As he sat down to discuss Tualatin Valley Fire & Rescue's new Rosemont Station 55, TVFR Captain Todd Lake had just returned from leading his three-person crew on an emergency call.
In the midst of an exceptionally dry and flammable summer, it didn't take long at all for the new $6.5 million station on Hidden Springs Road to be called into action after the crew officially moved in Aug. 20. Boasting a tiller truck — a larger vehicle that carries an aerial ladder and has two separate steering wheels in the front and back of the vehicle to improve maneuverability — as well as a standard fire engine, the station is equipped to handle a wide array of calls in an area that was identified as a priority for future service.
"We've actually identified, in the last 10 years, different parts of the district that would benefit from having additional infrastructure," TVFR Public Information Officer Cassandra Ulven said. "By having a station here, not only does it service the calls that are on top of the hill, it strengthens the response network on this side of the district."
Station 55, which broke ground in May, is the third fire station in West Linn, joining Station 58 in the Bolton neighborhood and Station 59 in Willamette (both of which were replaced within the last decade). The main attraction is the aforementioned tiller truck, which is the first of its kind in West Linn, and one of six across the TVFR district.
"Clackamas County Fire District and Lake Oswego have the two closest (tiller) trucks, and Clackamas moved one of their trucks further out, so it's that much better that we have a truck here," Ulven said. "And a truck performs different operations on a fireground than other apparatuses do."
Specifically, the tiller truck and its ladder provide for significantly improved access in certain situations.

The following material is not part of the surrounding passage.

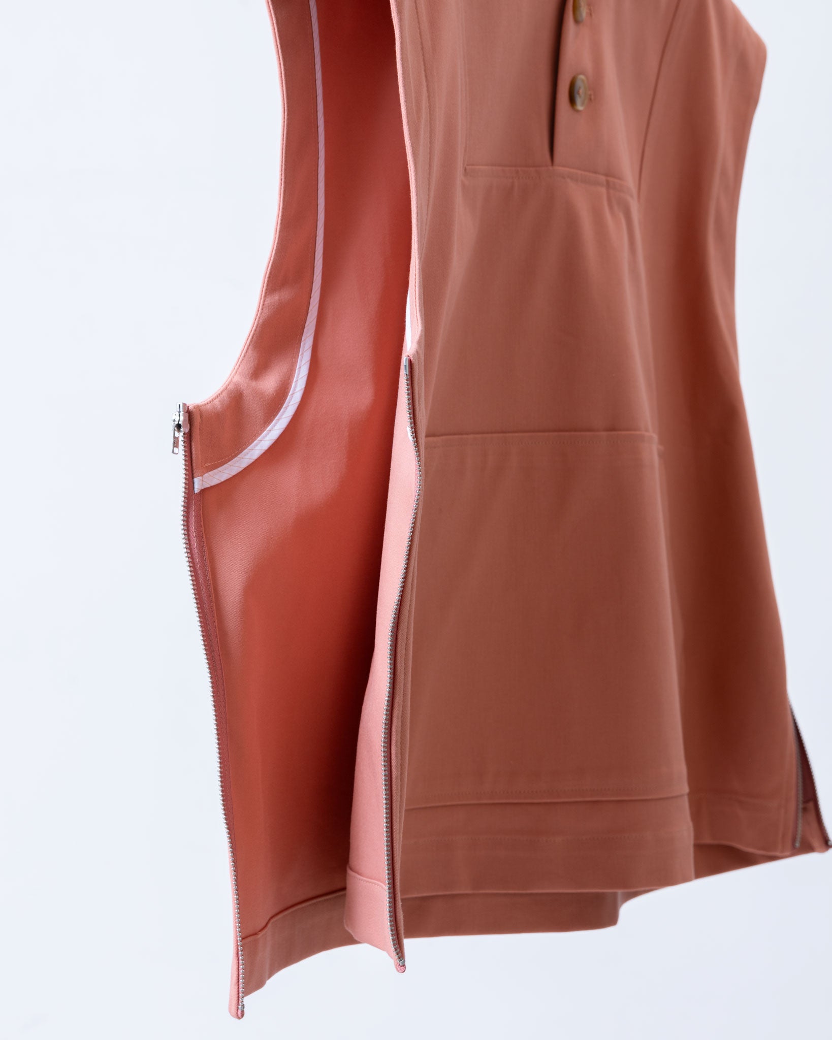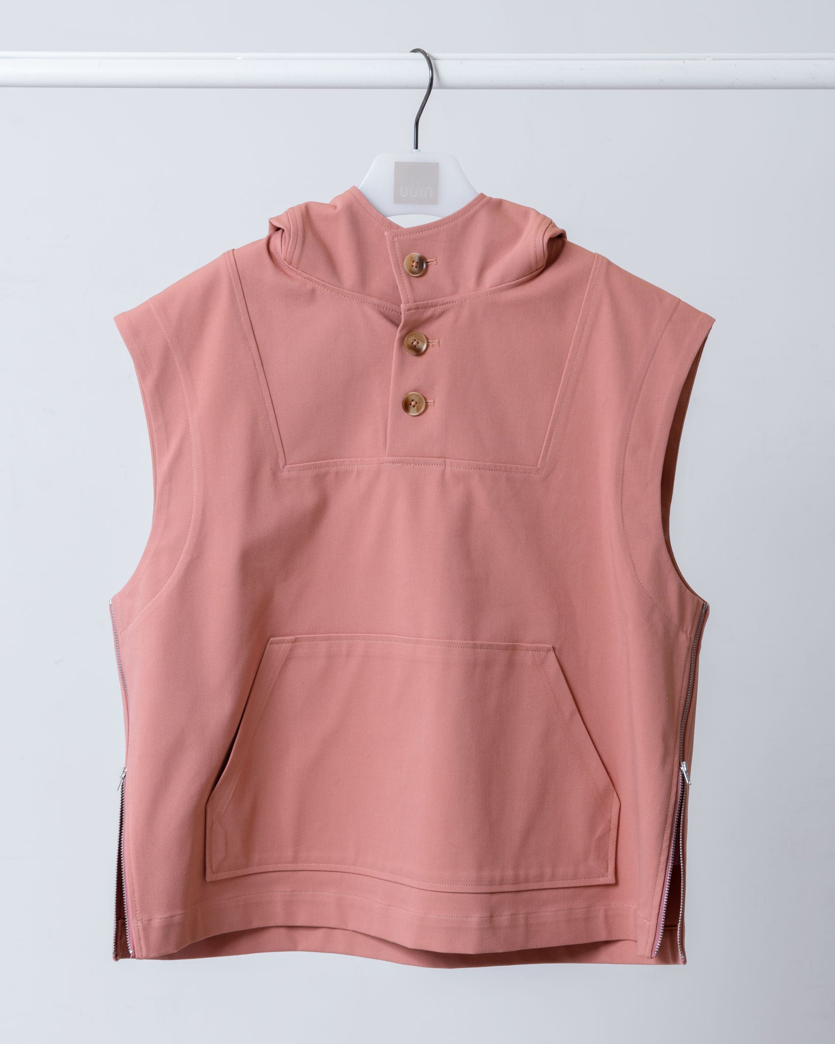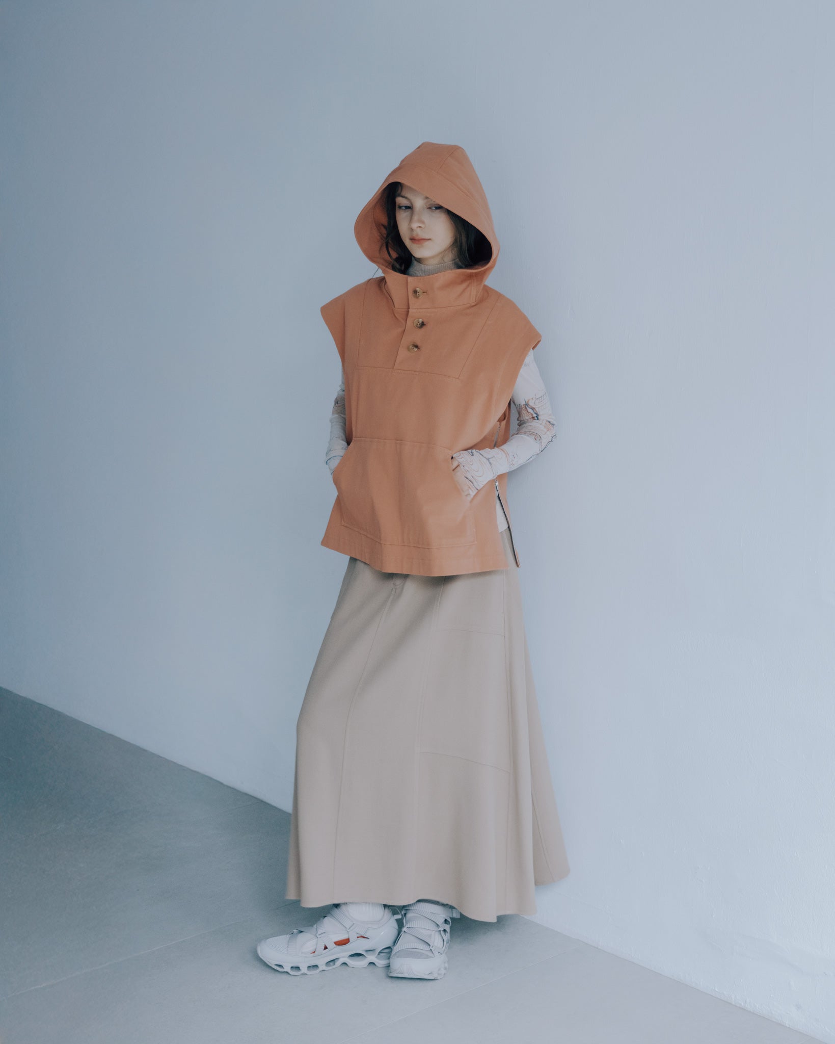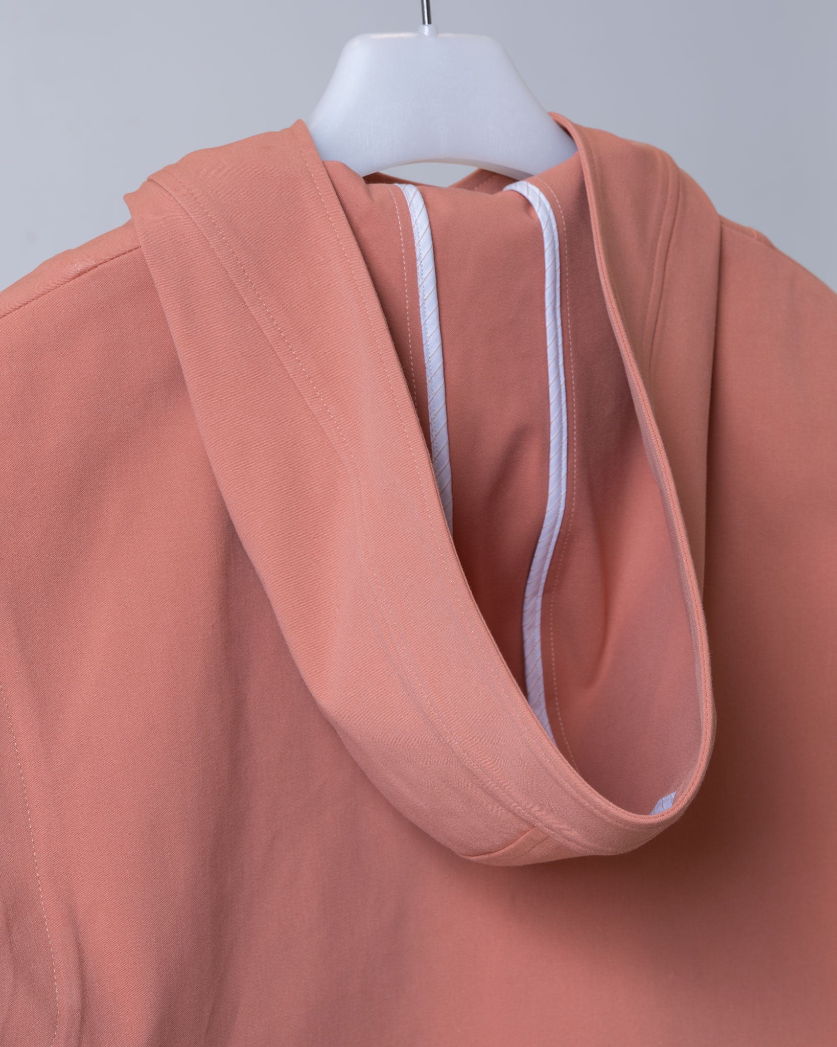 選用獨特粉橘色調的柔和棉質面料,以溫潤手感詮釋冬季的暖意氛圍。具機能感的半開襟領口結合連帽設計,打造率性實穿的造型風格。寬大的前貼袋融合工裝元素,提升機能層次,搭配撞色車縫線勾勒輪廓細節,增添視覺亮點。低飽和色系在冬季穿搭中更顯溫暖沉靜,簡約與個性兼具。

Just recently, the tiller truck was called to a brush fire in the woods near West Linn High School to help firefighters access the area.
"Crews had a difficult time accessing the seed of where the fire was due to the large amount of poison oak and other conditions that limited their ability to stretch hand lines into that area," Lake said. "So they had requested the truck come down and set up this aerial (access), and we had another engine supply us water, and we were able to reach into the location that wasn't accessed by ground and put out the seed of the fire.
"That was one prime example of the effectiveness of having a truck in this area."
The station also boasts a new community room, which will open to the public in mid-September once TVFR is fully moved in.
"It's a good resource for neighborhood associations and other community groups," Ulven said.
The tentative plan is to hold an open house at Station 55 Oct. 6, and the station will also play host to the annual 9/11 memorial event organized by resident Dean Suhr.